Benchmark vs Pandana¶
Pandana is built for raw speed on one-shot all-pairs cost: contraction-hierarchy preprocessing + a C++ inner loop, both purpose-built for exactly that workload. Aperta is built for path-first routing (it returns realized paths, not just costs), reusable tiered ODMs that survive across scenarios on the same area, and cross-modal aggregation. Speed isn’t the primary design goal — but it’s useful to know how much the extra capabilities cost. On accessibility workloads at this scale the gap turns out to be small (1–2×), and aperta is faster in some regimes. For further context, the upstream OSMnx download + consolidation for these two networks takes well over an hour — a one-time cost shared across every scenario run on the same area, dwarfing the per-query routing differences below.
Setup¶
Cumulative-opportunity accessibility to total employment on the consolidated walk and car networks of Bern + 40 km (10 km AOI buffer + 30 km destination buffer — the same area the extended example notebooks build). End-to-end wall time, including each library’s setup phase (Pandana network construction + precompute; aperta OD-pair construction + routing + accessibility); lower is better.
Results¶
Setup |
Walk (15 min) |
Car (30 min) |
|---|---|---|
Pandana — all graph nodes |
16.2 s |
19.0 s |
Aperta A — all graph nodes (single-tier, Euclidean cutoff) |
130.9 s |
275.7 s |
Aperta B — cell-snap origins, tiered destinations |
62.5 s |
118.7 s |
Aperta C — AOI-restricted cell origins, tiered destinations |
11.3 s |
28.3 s |
Three variants step through aperta’s algorithmic levers against Pandana’s baseline:
A — all-nodes, single-tier. Apples-to-apples Dijkstra on the same problem. Pandana wins by ~8–15×, its design center.

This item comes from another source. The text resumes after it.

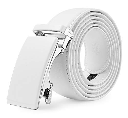 Nelbons Men's Belt, Slide Ratchet Belt for Men with Leather 1 3/8“ width 35mm,Trim to Fit (Z-White B8, 130cm / 28 "-44" adjustable waist)
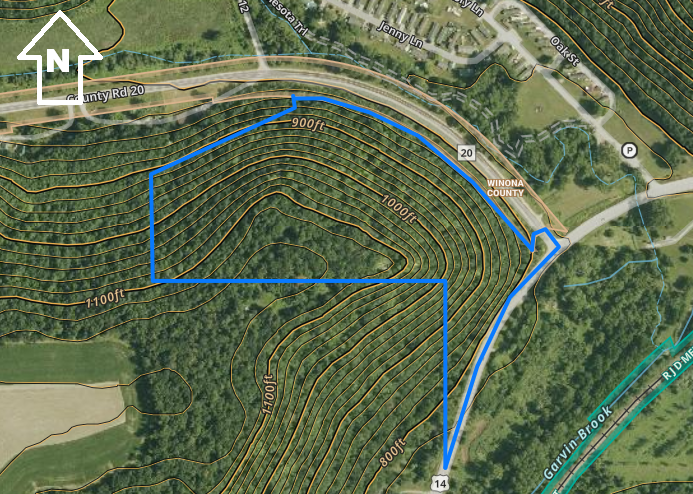 Located in the heart of Winona Countys bluff country this property offers incredible views of the surrounding valleys. The hillsides and ridge top are covered with majestic red oak trees. This property is situated at a point where two ridges that are several miles long converge. It is interconnected with thousands of acres of hardwood ridges & valleys. The bluff is easily traversed by a hill road that allows for vehicular access to the top where you can see for miles over Garvin Brook Valley and the village of Stockton. There are several other older roads that provide access to various parts of the property. Atop the hill there is a pond for attracting wildlife which is trampled with deer tracks. Heavy deer trails crisscross the hillsides and ridge. A couple small clearings provide ample room for food plots on top the ridge. There is also an established campsite and a permitted 30x30 ICF building foundation ready for an off grid cabin to be built upon. A chalet built in this spot would offer views like none other. Garvin Brook, a beautiful little spring fed trout stream lies just across the road. This creek has had significant stream habitat improvement and restoration work done in recent years and the population of brown & brook trout have responded well. Whitewater State Park & Management area is just 15 minutes away with public access to unlimited fishing, hunting and hiking. Ultra-convenient location being only 5 miles to Winona, 30 miles to La Crosse and 35 miles to Rochester.

B — cell-snap origins, tiered destinations. ~2× faster than A by using the 3-tier destination structure (cell tier for close pairs at cell resolution; zone tier for far pairs, replacing redundant intra-zone routing).
C — AOI cell origins, tiered destinations. The realistic production setup. Aperta runs in 11.3 s vs Pandana’s 16.2 s on walk and 28.3 s vs 19.0 s on car — within 1–2× either way. The cross-over depends on workload: aperta wins when origins can be restricted relative to graph size (walk: 21 k AOI cells out of 204 k graph nodes); Pandana wins when its CH precompute amortizes well over a long routing cutoff on a smaller graph (car: 30 min on 34 k nodes).
Reproduce¶
Run examples/extended/prepare/ end to end (one-time, slow — downloads + consolidates OSM networks), then python examples/extended/benchmark.py.